Data shown START
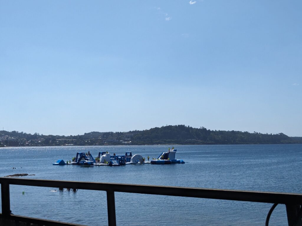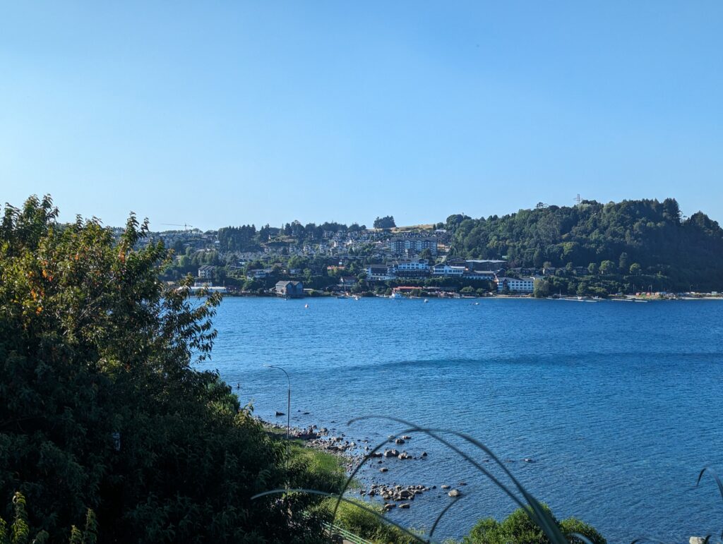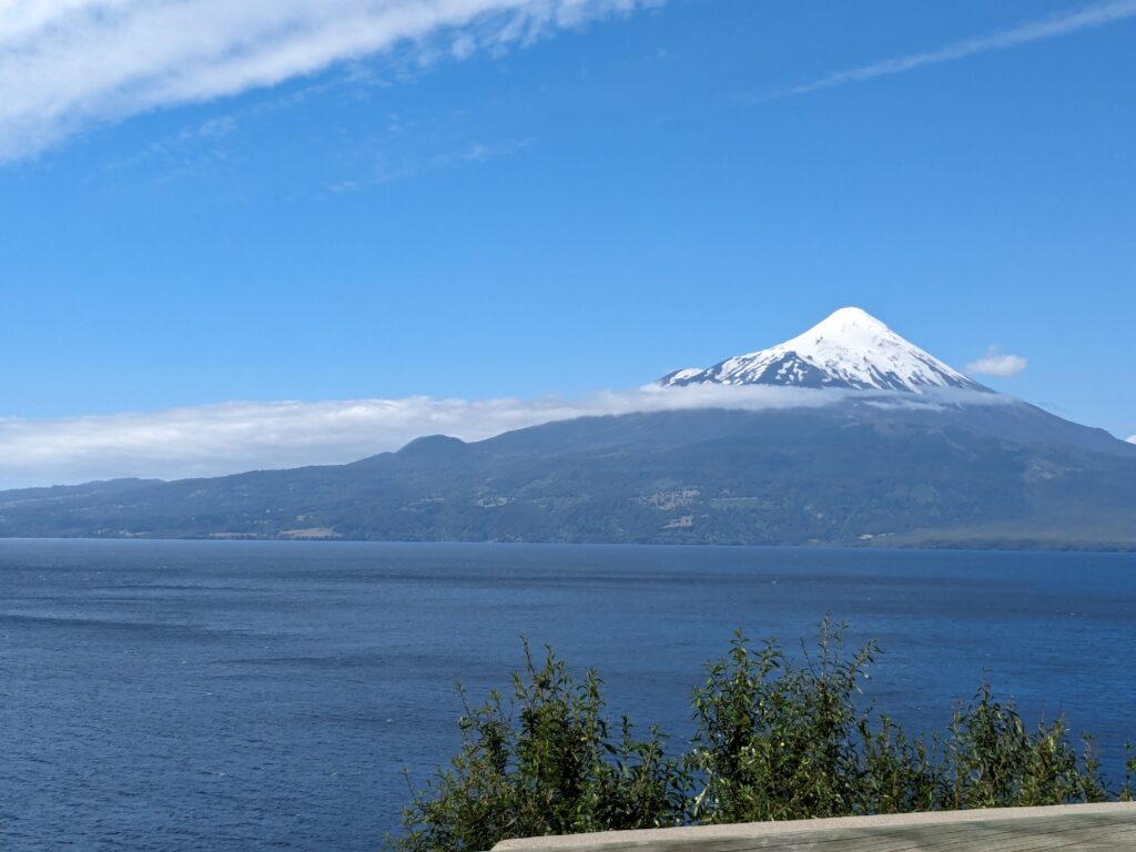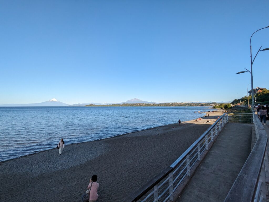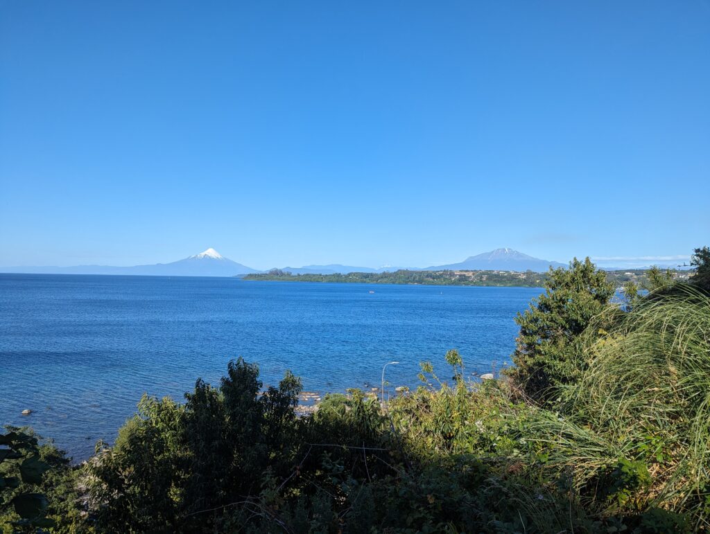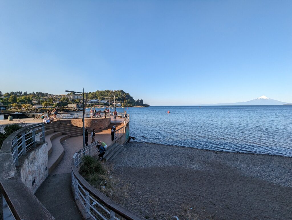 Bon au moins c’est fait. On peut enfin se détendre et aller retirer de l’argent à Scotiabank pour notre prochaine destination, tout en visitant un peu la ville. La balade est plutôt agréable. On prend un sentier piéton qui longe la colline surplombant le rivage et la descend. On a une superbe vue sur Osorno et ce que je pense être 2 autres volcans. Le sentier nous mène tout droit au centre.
Data shown END
Data shown START
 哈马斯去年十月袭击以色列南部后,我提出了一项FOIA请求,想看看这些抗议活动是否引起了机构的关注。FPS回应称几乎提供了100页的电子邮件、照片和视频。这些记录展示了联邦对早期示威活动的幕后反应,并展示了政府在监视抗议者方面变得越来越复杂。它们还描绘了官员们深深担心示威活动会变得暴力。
Data shown END
Data shown START
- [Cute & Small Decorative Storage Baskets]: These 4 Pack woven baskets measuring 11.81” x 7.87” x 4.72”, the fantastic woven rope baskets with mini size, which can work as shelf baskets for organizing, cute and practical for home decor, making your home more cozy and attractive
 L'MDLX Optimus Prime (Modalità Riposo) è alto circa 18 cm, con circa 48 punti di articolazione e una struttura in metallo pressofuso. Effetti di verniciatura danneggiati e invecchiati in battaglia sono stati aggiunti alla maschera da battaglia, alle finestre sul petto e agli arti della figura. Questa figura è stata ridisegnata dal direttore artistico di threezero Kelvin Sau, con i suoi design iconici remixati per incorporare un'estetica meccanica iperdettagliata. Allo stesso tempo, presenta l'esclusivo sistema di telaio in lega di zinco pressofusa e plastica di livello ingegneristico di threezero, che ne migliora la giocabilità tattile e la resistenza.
Data shown END
- _Assignment_
All lines above between those holding "- [Cute & Small" and "L'MDLX Optimus Prime", inclusive, must be set down unchanged, and no other line may be included.

- _Answer section_
- [Cute & Small Decorative Storage Baskets]: These 4 Pack woven baskets measuring 11.81” x 7.87” x 4.72”, the fantastic woven rope baskets with mini size, which can work as shelf baskets for organizing, cute and practical for home decor, making your home more cozy and attractive
 L'MDLX Optimus Prime (Modalità Riposo) è alto circa 18 cm, con circa 48 punti di articolazione e una struttura in metallo pressofuso. Effetti di verniciatura danneggiati e invecchiati in battaglia sono stati aggiunti alla maschera da battaglia, alle finestre sul petto e agli arti della figura. Questa figura è stata ridisegnata dal direttore artistico di threezero Kelvin Sau, con i suoi design iconici remixati per incorporare un'estetica meccanica iperdettagliata. Allo stesso tempo, presenta l'esclusivo sistema di telaio in lega di zinco pressofusa e plastica di livello ingegneristico di threezero, che ne migliora la giocabilità tattile e la resistenza.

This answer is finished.